Menurut keterangan pelapor, hingga saat ini belum terlihat perkembangan berarti dalam proses penyelidikan maupun pemeriksaan terhadap para terlapor. Kondisi tersebut kemudian memunculkan berbagai spekulasi dan dugaan mengenai kemungkinan adanya intervensi dari pihak tertentu yang memengaruhi jalannya penanganan perkara.
Bahkan, berdasarkan informasi yang beredar di sejumlah platform media dan media sosial, muncul isu mengenai dugaan adanya campur tangan seorang oknum anggota Polri berpangkat Brigadir Jenderal (Brigjen) yang disebut-sebut mengintervensi agar proses pemeriksaan terhadap para terlapor tidak berjalan sebagaimana mestinya. Namun demikian, informasi tersebut belum dapat diverifikasi dan hingga kini belum ada bukti maupun keterangan resmi yang membenarkan adanya dugaan intervensi tersebut.
Oknum yang dimaksud bukan merupakan keluarga dari pihak terlapor, melainkan diduga memiliki kepentingan tertentu dalam perkara yang sedang bergulir.
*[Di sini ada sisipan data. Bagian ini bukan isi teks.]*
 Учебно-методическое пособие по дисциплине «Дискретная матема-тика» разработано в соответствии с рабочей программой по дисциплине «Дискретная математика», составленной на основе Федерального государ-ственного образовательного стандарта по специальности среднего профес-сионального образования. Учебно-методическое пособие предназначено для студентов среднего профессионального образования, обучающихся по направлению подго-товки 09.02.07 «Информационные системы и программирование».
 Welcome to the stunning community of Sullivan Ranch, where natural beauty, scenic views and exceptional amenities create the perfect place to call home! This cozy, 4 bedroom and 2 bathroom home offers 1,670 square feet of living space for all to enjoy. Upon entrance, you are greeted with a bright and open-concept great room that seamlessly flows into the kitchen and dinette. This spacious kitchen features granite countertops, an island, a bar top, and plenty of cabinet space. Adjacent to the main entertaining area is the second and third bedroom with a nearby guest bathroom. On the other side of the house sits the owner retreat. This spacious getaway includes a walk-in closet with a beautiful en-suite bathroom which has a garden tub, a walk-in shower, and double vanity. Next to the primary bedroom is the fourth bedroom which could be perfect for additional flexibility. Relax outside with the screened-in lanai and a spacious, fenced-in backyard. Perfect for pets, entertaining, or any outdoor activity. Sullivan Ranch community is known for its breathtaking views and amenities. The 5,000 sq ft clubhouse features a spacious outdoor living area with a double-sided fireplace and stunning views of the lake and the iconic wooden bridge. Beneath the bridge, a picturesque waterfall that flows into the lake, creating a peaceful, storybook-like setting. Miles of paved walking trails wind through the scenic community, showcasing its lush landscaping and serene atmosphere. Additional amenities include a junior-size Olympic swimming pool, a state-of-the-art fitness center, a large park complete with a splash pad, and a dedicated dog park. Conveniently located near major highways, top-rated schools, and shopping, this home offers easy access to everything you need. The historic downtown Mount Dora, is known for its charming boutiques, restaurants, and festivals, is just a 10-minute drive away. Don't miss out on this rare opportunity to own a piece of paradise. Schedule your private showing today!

terkait dugaan tersebut, pelapor meminta agar isu maupun dugaan tersebut turut ditelusuri secara transparan oleh aparat pengawas internal Polri guna memastikan proses penegakan hukum berjalan secara profesional.
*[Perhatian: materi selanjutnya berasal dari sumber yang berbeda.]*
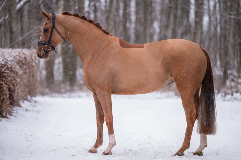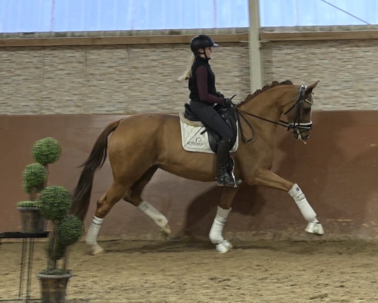 Dear Interested Parties, To schedule a test ride, please send me a WhatsApp message. For further questions, I am available via WhatsApp during the day, and you can reach me best by phone between 4 PM and 7 PM. I look forward to hearing from you. www.angelina-devittorio.de ⭐️Viva Venezia ⭐️ Age: 5 years (2021) Height: approximately 16.1 hh Pedigree: Vivaldos x Dimension Training level: well-ridden X-ray: good radiographs available For sale is a stunning chestnut mare, daughter of the top sire Vivaldos. She has three very good basic gaits and is well-ridden. Still lightly trained and educated, she always wants to please and do everything right. A true gem of exceptional quality is developing here – an excellent schoolmaster with potential for upper-level dressage. This is a fantastic young horse with great potential. Good radiographs are already available. She is very well-behaved and uncomplicated in handling, very trusting, and also very alert and focused when ridden. Still lightly ridden, she needs further basic training (similar to a 3-year-old horse), which is why she is being sold at a significantly reduced price. Of course, experience with ridden horses is required due to her training level, but she is absolutely suitable for amateurs. She shows no bad habits and always strives to do her best. Thanks to her excellent pedigree, she is also highly interesting for breeding. A highly talented young horse at a very attractive price! ⚜️ Phone: 0171-3438949 ⚜️ Email: a.devittorio@web.de ⚜️ https://www.ehorses.de/angelinadevittorio Facebook and Instagram: Angelina De Vittorio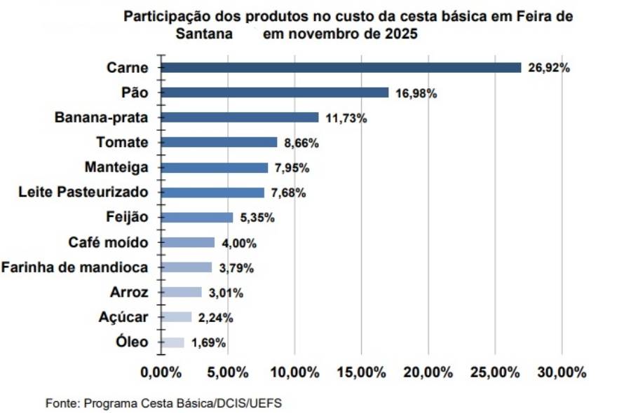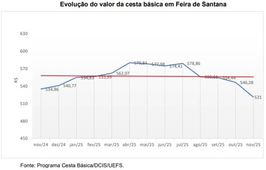 O valor da cesta básica, definida pelo Decreto-Lei Nº 399, de 30 de abril de 1938, que estabelece 12 produtos alimentares (arroz, feijão, farinha, carne, tomate, banana, óleo, café, leite, açúcar, pão e manteiga) e suas respectivas quantidades, passou a custar R$ 521 no mês de novembro de 2025, em Feira de Santana. Este valor representou queda de 4,63% em comparação com o mês de outubro, de acordo com a pesquisa do Programa “Conhecendo a Economia Feirense: o custo da cesta básica e indicadores socioeconômicos”, do curso de Ciências Econômicas, da Universidade Estadual de Feira de Santana (UEFS).

"Kami berharap penanganan perkara dilakukan secara profesional, transparan, dan bebas dari intervensi siapa pun. Jika memang tidak ada intervensi, tentu proses hukum dapat berjalan sebagaimana mestinya," ujar pelapor.
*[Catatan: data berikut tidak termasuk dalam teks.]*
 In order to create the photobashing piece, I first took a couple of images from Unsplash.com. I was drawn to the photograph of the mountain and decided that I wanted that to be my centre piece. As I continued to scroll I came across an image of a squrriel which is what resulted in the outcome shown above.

Pelapor juga meminta Divisi Propam Polri maupun unsur pengawas internal lainnya untuk melakukan pengawasan terhadap penanganan perkara tersebut sehingga seluruh proses berjalan sesuai ketentuan hukum serta memberikan kepastian hukum bagi semua pihak.
Hingga berita ini ditulis, belum terdapat keterangan resmi dari pihak maupun dari pihak yang disebut dalam isu tersebut. Oleh karena itu, seluruh informasi mengenai dugaan intervensi masih merupakan klaim dan informasi yang beredar di masyarakat yang perlu dibuktikan melalui proses pemeriksaan yang objektif dan berdasarkan alat bukti yang sah.